Cell

A REVIEW

cellIt was a smart idea to take the apparatus glued to the ear of the world and turn it into a terrorist weapon that turns people into primitive animalistic zombie-like creatures ready to shred fellow crazies as well as the ‘still-humans’ to pieces. Most readers of Cell will never look at their phones in the same way again.

Steven King’s exploration of the darker side of human nature is as disturbing in Cell as it is in all of his other novels. The Zombie theme always lends itself to the dog-eat-dog metaphor, which highlights the callous physical, emotional and intellectual destruction and defamation that members of the human race inflict upon one another. King, who does not own a cell phone, has written a horror story scary enough to launch a cultish wave of cell phone phobia. The title is a clever pun on the entrapment initiated by society’s obsession with the cell, which places it in a metaphoric cell similar to the one the lead characters find themselves in towards the end of the novel. The ever-perceptive author is permanently tapped into the struggles of the human condition. It is the idiosyncrasies of humanity that form the crux of his novels – he magnifies and warps them until they are no longer merely idiosyncratic struggles akin to human nature, but dangerous psychoses. We feel lost without our phones. The anxiety and stress that bombards us when we realise that we have left our dear darling cell at home is claustrophobically overwhelming.

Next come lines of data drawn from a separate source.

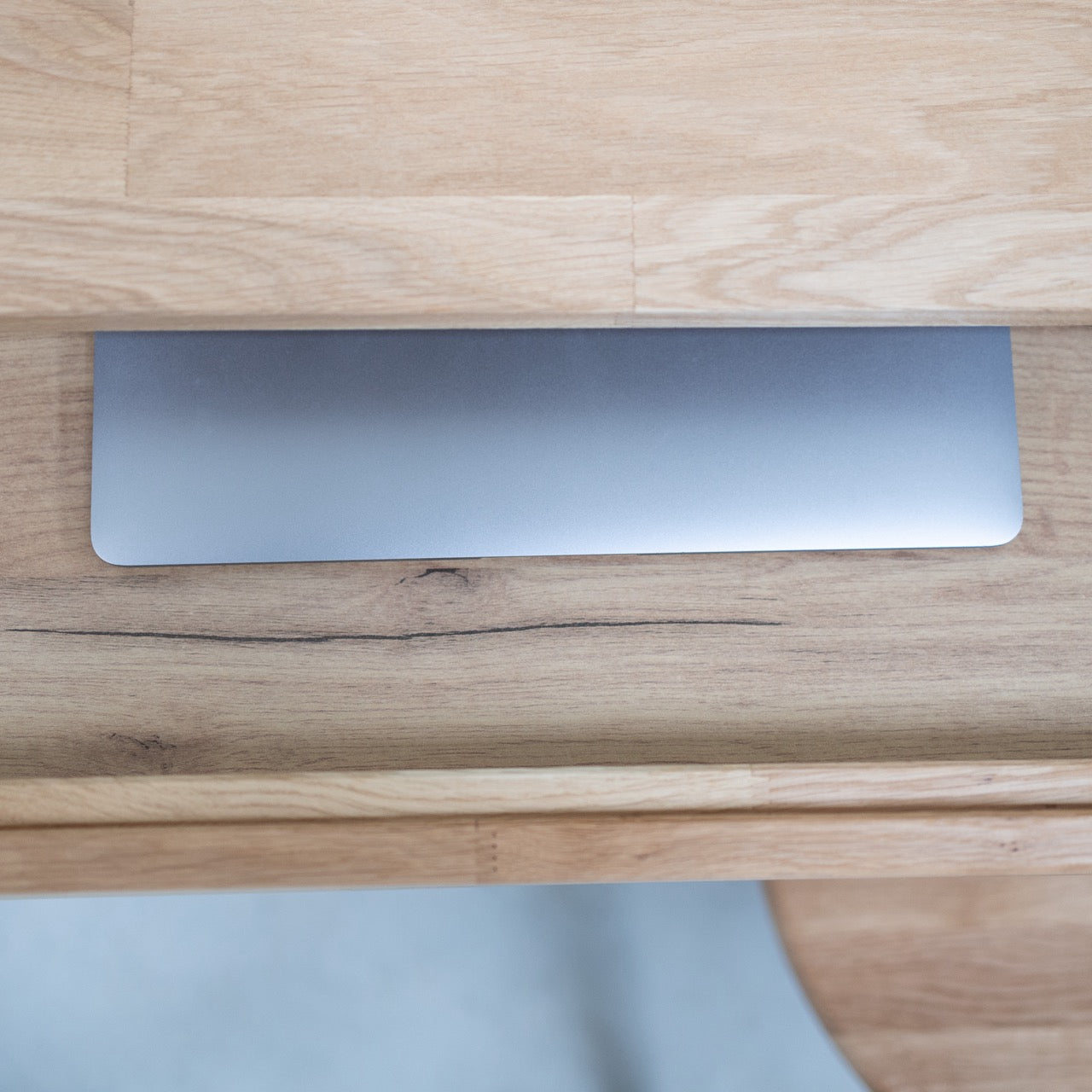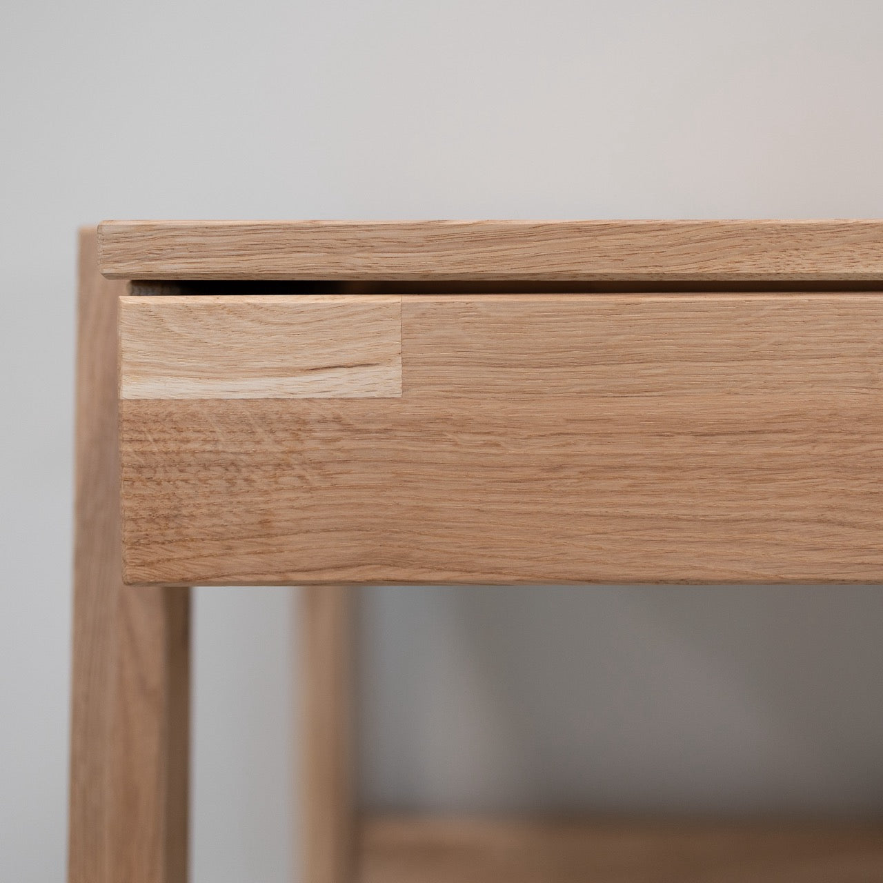 El escritorio compacto "Eric" de roble macizo es perfecto para un espacio de trabajo elegante y cómodo. Fabricado en roble sostenible de alta calidad con acabado en aceite, añade calidez natural al ambiente.
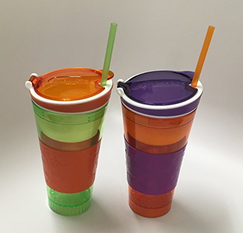 Clever design lets you hold a 16 oz. drink and your favorite snack, all in one hand;Seal perfectly to keep snacks fresh in the cup;Dishwasher safe;Great for snacking in the car, on the couch at home, and perfect for parties!;Pack of 2 Cups Comes With 1 Green & 1 Orange
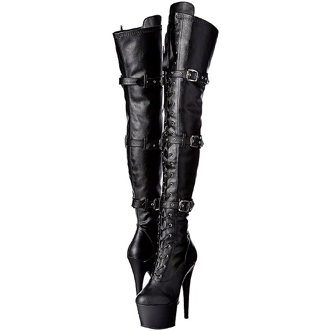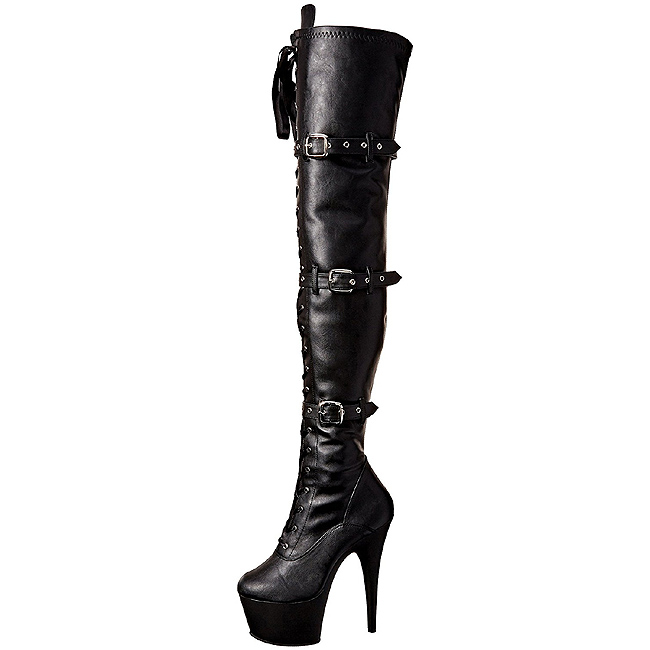 Black Leatherette 18 cm ADORE-3028 Platform Thigh High Boots
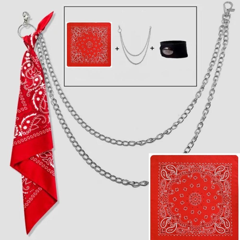 на джинсы квадратный шарф цепочка корейская уличная цепочка для брюк ремень украшение квадратный шарф цепочка для брюк Red with chain
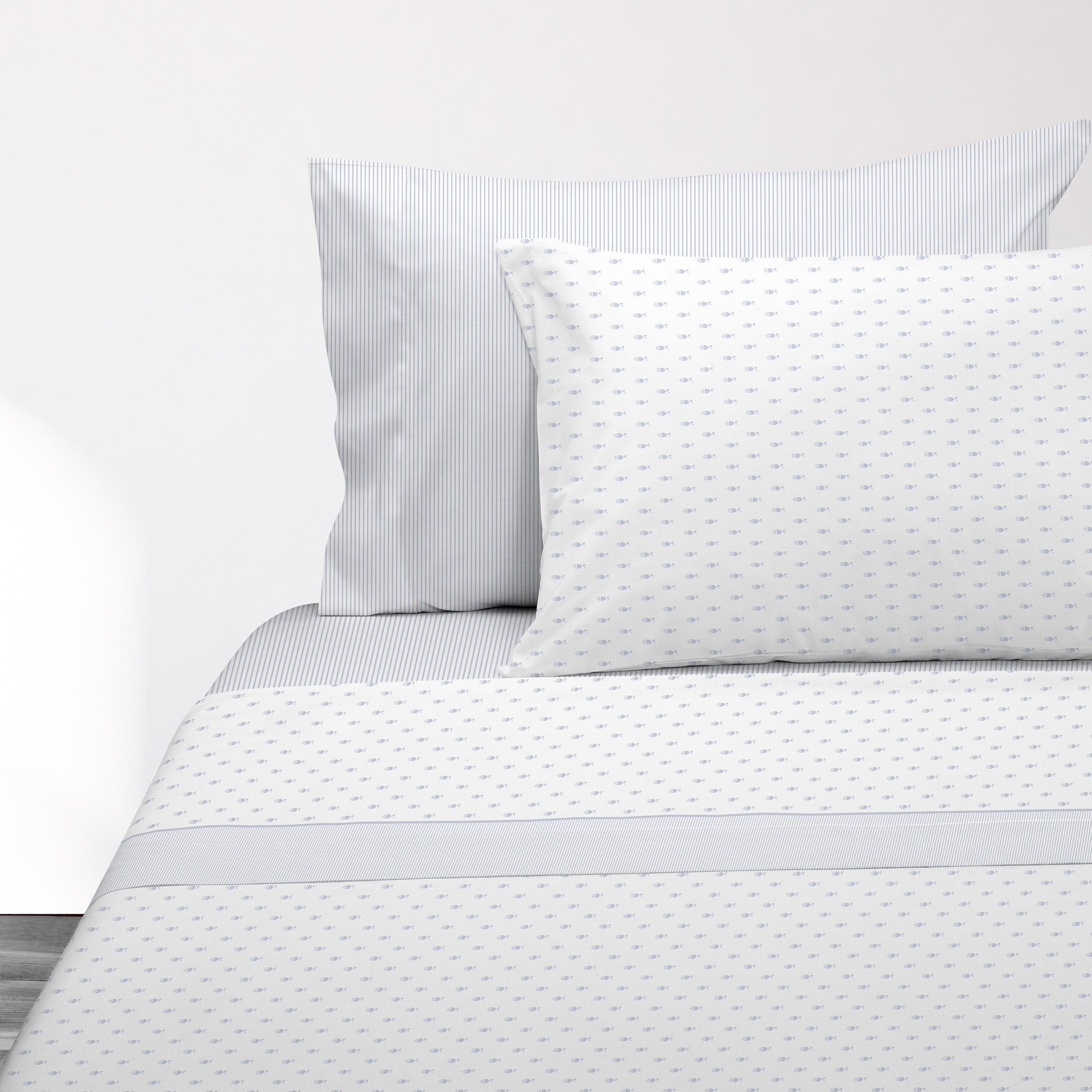 La funda de almohada es reversible, una de las caras va estampada con el dibujo de la encimera y la otra con el de la bajera.

I mean, what happens if we receive a text and we don’t reply immediately, or someone calls and we don’t answer? These thoughts grip our brains and consume our souls when we suffer from no-cell-syndrome. A generalisation perhaps? I hear you say “no way, not me”. I think you are lying. In Cell, those who escape what is assumed to be a terrorist attack launched via cell phones, are very old or very young, lucky, or non-phone owners. No, the man is not telling us to chuck our phones, he is just playing on our vices and trying to scare the crap out of us by asking “what if?” and saying “imagine”.

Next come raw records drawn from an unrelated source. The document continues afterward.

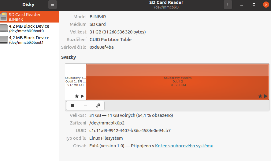 Zbývá ti tak jenom disk mmcblk0, který má dva oddíly: mmcblk0p1 a mmcblk0p2. Ten druhý je /, tedy kořen adresářového stromu, ten první je do něj připojený v adresáři boot jako podadresář efi. Kam je co připojené vidíš vpravo ve sloupci MOUNTPOINT. Pokud tam nic nevidíš, není to připojené nikam.
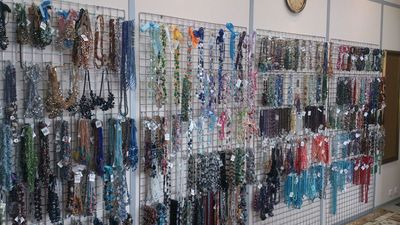 Стенки здесь были увешены разнокалиберными бусами, причем и размер бусинок и их оттенки тоже были совершенно разные.
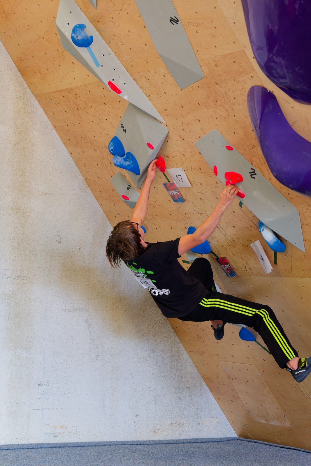 Yann se concentre sur ce qu’il doit faire, sans se focaliser sur les blocs qu’il ne réussit pas. Il change quand il sent que c’est trop dur et qu’il a besoin de temps. C’est payant et il parvient à sortir 16 blocs et 1 zone. Mais la victoire se joue à pas grand chose. Il donne de très beaux essais dans le 20 mais ne parvient pas à ramener sur la prise de fin. C’est la troisième marche du podium pour Yann et le titre de vice-champion départemental.
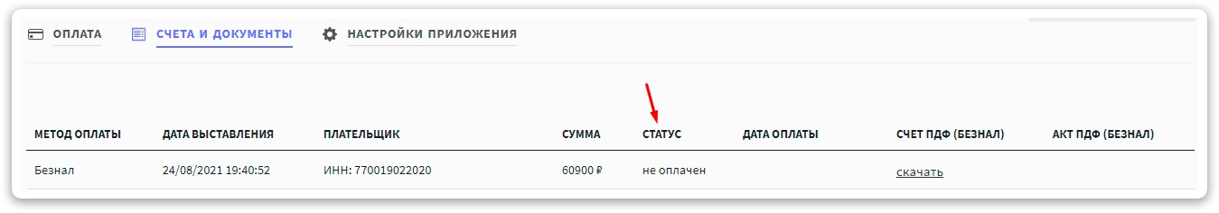 СЧЕТА И ДОКУМЕНТЫ. Статус оплаты проверяется раз в 60 минут. После успешного зачисления средств подписка будет автоматически продлена. Также в этом разделе хранятся все ваши транзакции, а также есть возможность скачать сканы закрывающих документов (АКТЫ).
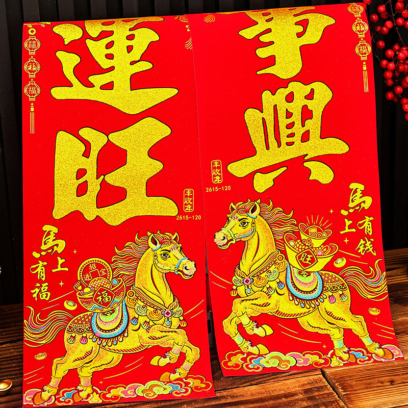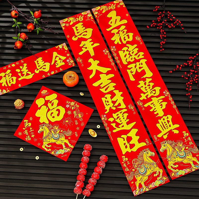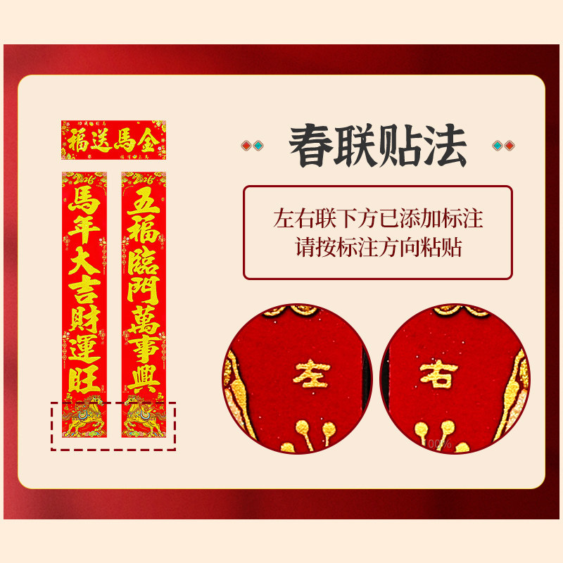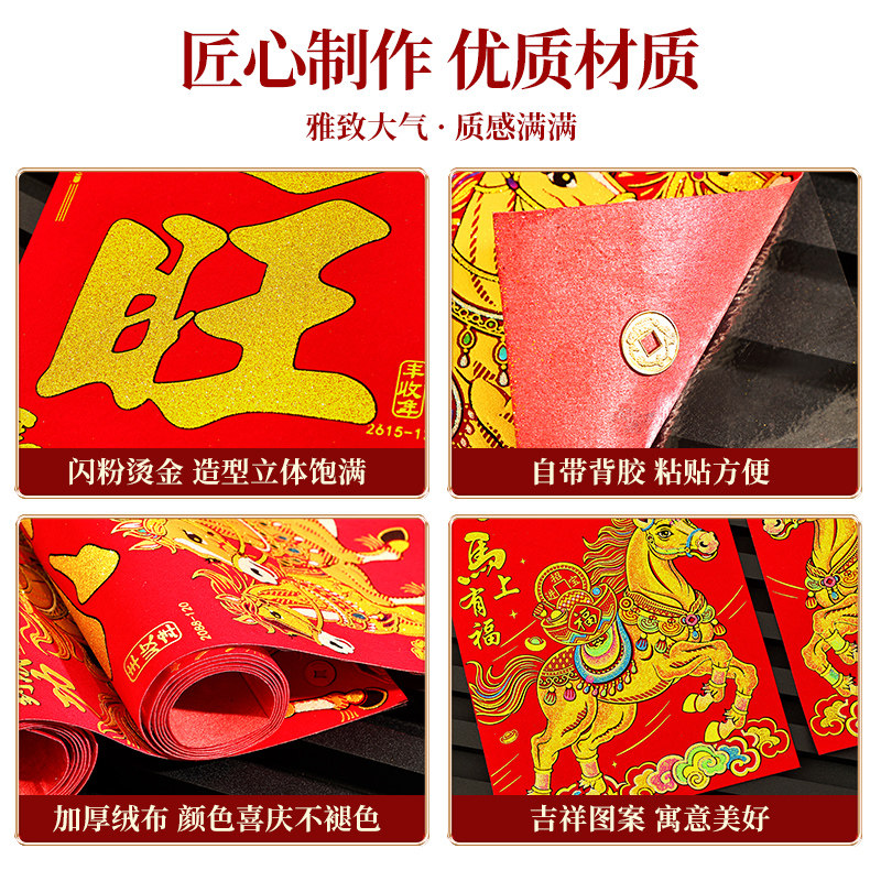 📚 2026马年对联新款新年绒布春联春节过年家用入户大门背胶自粘门联

There is no doubt that King’s concept is excitingly terrifying but the plot is just a little too much like a watered down version of The Stand – world apocalypse, telepathic communication, people split into good and bad, leaders emerge, death and destruction ensue, explosions are the key, character and sacrifice save the day. King’s astute insight into the human condition is why the relationships that govern his novels are so unnervingly familiar – this sense of intimacy is found wanting in Cell. Protagonist Clay is a great hero and we feel for him as he searches for his son but the reader is never too attached. The game players seem to be cardboard cut-outs of previous King characters. Entertaining but not his best.